Green Bay Packers Are A Thanksgiving Dog With Teeth Vs. Detroit Lions In Week 13
Jordan Love’s efficiency, LaFleur’s continuity and a fast Packers defense make Green Bay the sharp side in a Thanksgiving rematch with Detroit.
The 2025 Thanksgiving NFL triple-banger kicks off at 1 p.m. ET with the Detroit Lions (7-4) hosting the Green Bay Packers (7-3-1). This is their second meeting this season: Green Bay beat Detroit 27-13 at home in Week 1 as -1 favorites. The then-4-6 Packers upset the then-8-2 Lions as +8 underdogs on Turkey Day 2023, so it's not like Detroit's home-field advantage is the end-all, be-all.
Why I’m on Green Bay Packers +2.5
Available at most sportsbooks, with BetMGM having the best price (-102) as of Tuesday, 3:15 p.m. ET.
Quarterback Edge
Green Bay QB Jordan Love’s Thanksgiving resume rocks: Undefeated on the holiday with sharp accuracy, clean sheets, and big yardage. Zoom out, and it tracks with the broader arc: Love’s efficiency has lived in the top tier this season on the fancy stuff (EPA plus completion percentage over expectation) and the mainstream stuff (QBR).

The Green Bay Packers visit the Detroit Lions on Thanksgiving 2025 in NFL Week 13. (Photo credit: Lon Horwedel-Imagn Images)
Love creates outside structure, drives the ball downfield, and punishes single coverage. In contrast, Lions QB Jared Goff is steady and rhythm-based. However, Goff is not the same off-script creator, and that matters when protection gets noisy.
The Packers are better in the trenches
This isn’t about "toughness"; it’s about win rates, and Green Bay is better in all four line of scrimmage metrics, per ESPN. The Packers can generate heat without sending the house, and that’s the exact Goff kryptonite. If Green Bay wins early downs, it'll get Detroit into static looks and make Goff hold it that extra fatal half-beat.
Coaching Disparity: Continuity > Brain Drain
Packers head coach Matt LaFleur remains one of the NFL's best regular-season game managers. LaFleur's body of work is proven against the spread, and Green Bay has kept its offensive/defensive language intact year over year.

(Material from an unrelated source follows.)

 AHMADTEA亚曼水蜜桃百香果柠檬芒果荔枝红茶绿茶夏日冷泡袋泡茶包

Detroit, meanwhile, has dealt with coaching turnover, losing both coordinators to head-coaching jobs this offseason, and tweaks to play-calling responsibilities. Lions head coach Dan Campbell is a culture-builder, but midseason handoffs always come with friction. On a short holiday week, give me the staff that can install with muscle memory.
Defense Travels, and Green Bay has dudes at every level
Packers All-Pro edge rusher Micah Parsons played against Detroit in Week 1. Yet, Parsons didn't practice much with the team because Green Bay traded for him two weeks before the season started, and he only played 45% of the defensive snaps.

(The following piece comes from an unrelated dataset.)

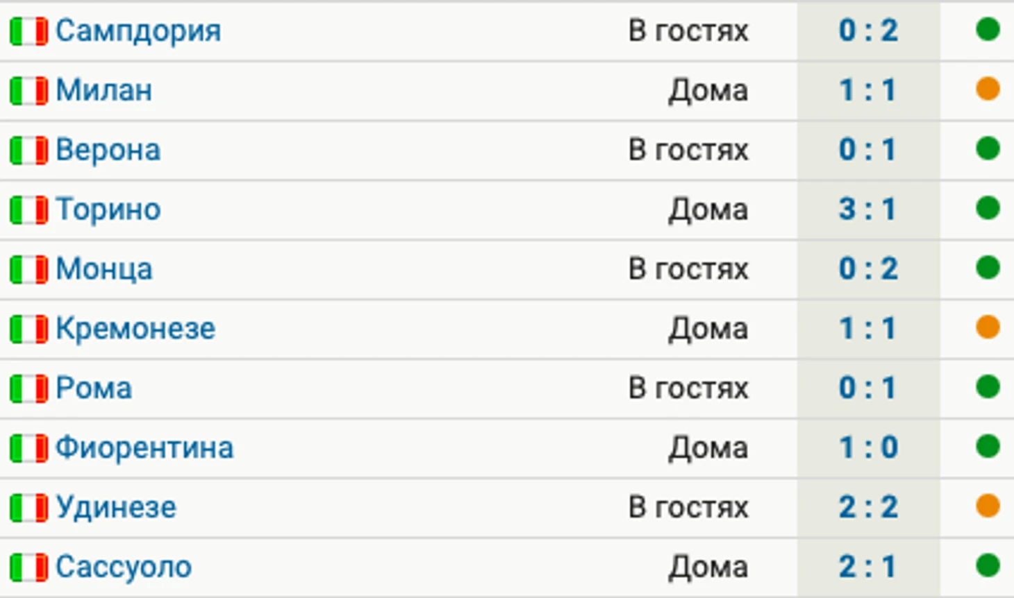 Команда Джан Пьеро Гасперини одержала 7 побед в Серии А и трижды сыграла вничью.

That said, Parsons is an everyday player now, and he's Pro Football Focus's second-highest graded EDGE behind the eventual NFL Defensive Player of the Year, Cleveland Browns' Myles Garrett. Packers defensive coordinator Jeff Hafley has lined up Parsons in different spots to confuse opposing quarterbacks and playcallers.
Furthermore, Green Bay has LB Edgerrin Cooper in the middle, and S Xavier McKinney cleaning up as the secondary's quarterback. That’s a speed spine built to squeeze Detroit’s play-action and flood concepts. The Lions’ secondary has battled injuries in clusters, and Love is ruthless at finding No. 2-3 options when his first read is covered.

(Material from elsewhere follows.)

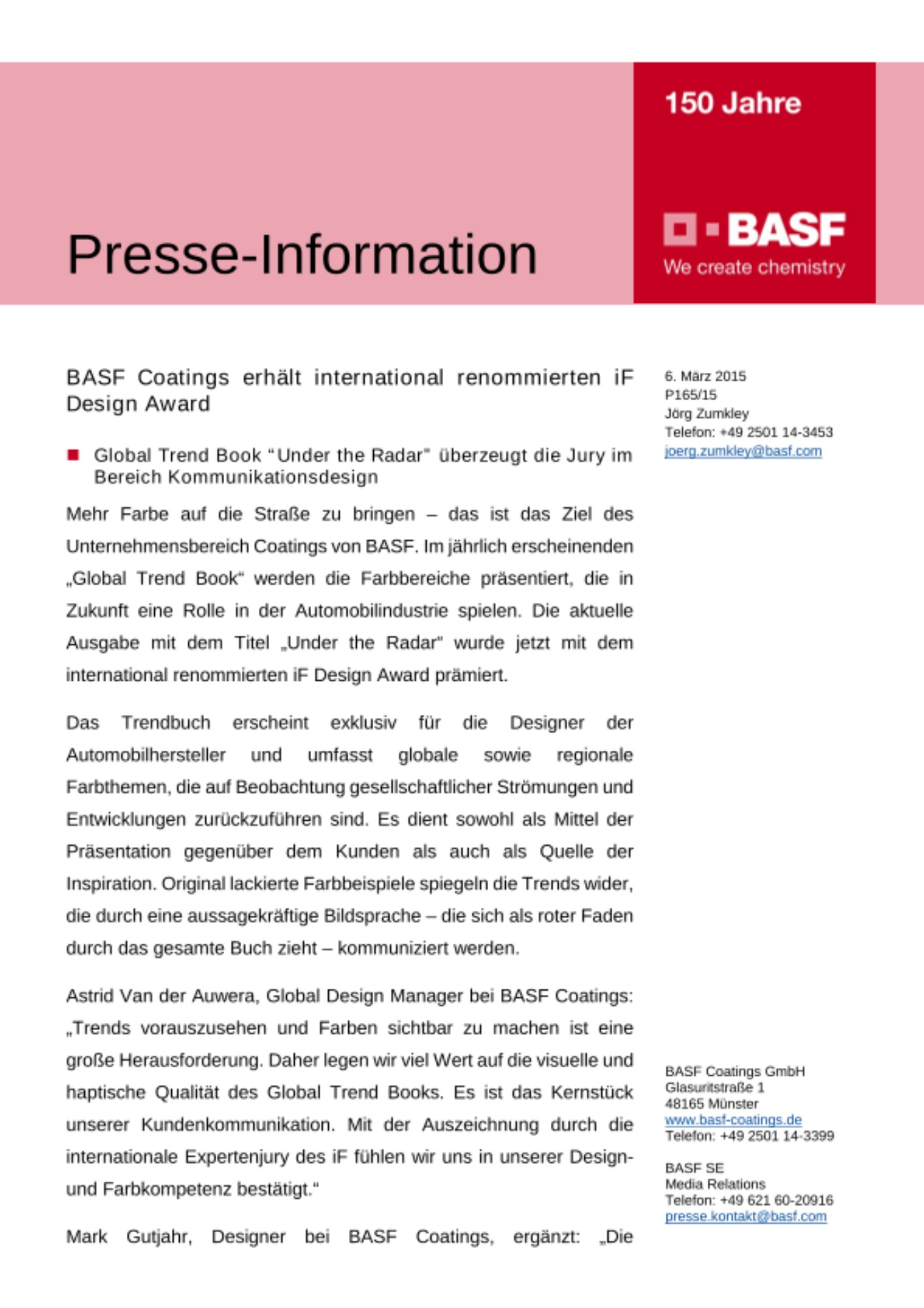 Mark Gutjahr, Designer bei BASF Coatings, ergänzt: „Die Auszeichnung von ‚Under the Radar‘ zeigt, dass wir sowohl unsere Kunden als auch eine Designjury überzeugen und Farbtrends auf innovative Weise vermitteln können“. Bereits seit Oktober zählt das Buch zu den Preisträgern des „Red Dot Award: Communication Design“. Mit dem Gewinn des iF Design Awards ist BASF erneut bei den beiden international renommiertesten Designwettbewerben erfolgreich vertreten.

Market psychology: Narrative tax on the favorite
The public wants the Lions to "get right on Turkey Day" and avenge a Week 1 loss to Green Bay. The sportsbooks know that and shade accordingly. Divisional familiarity erases a lot of home-field value, and Thanksgiving’s routine changes (short prep, early kick, odd halftime) further flatten edges. Ultimately, I'm getting a discount on the better QB-coach-defense combo.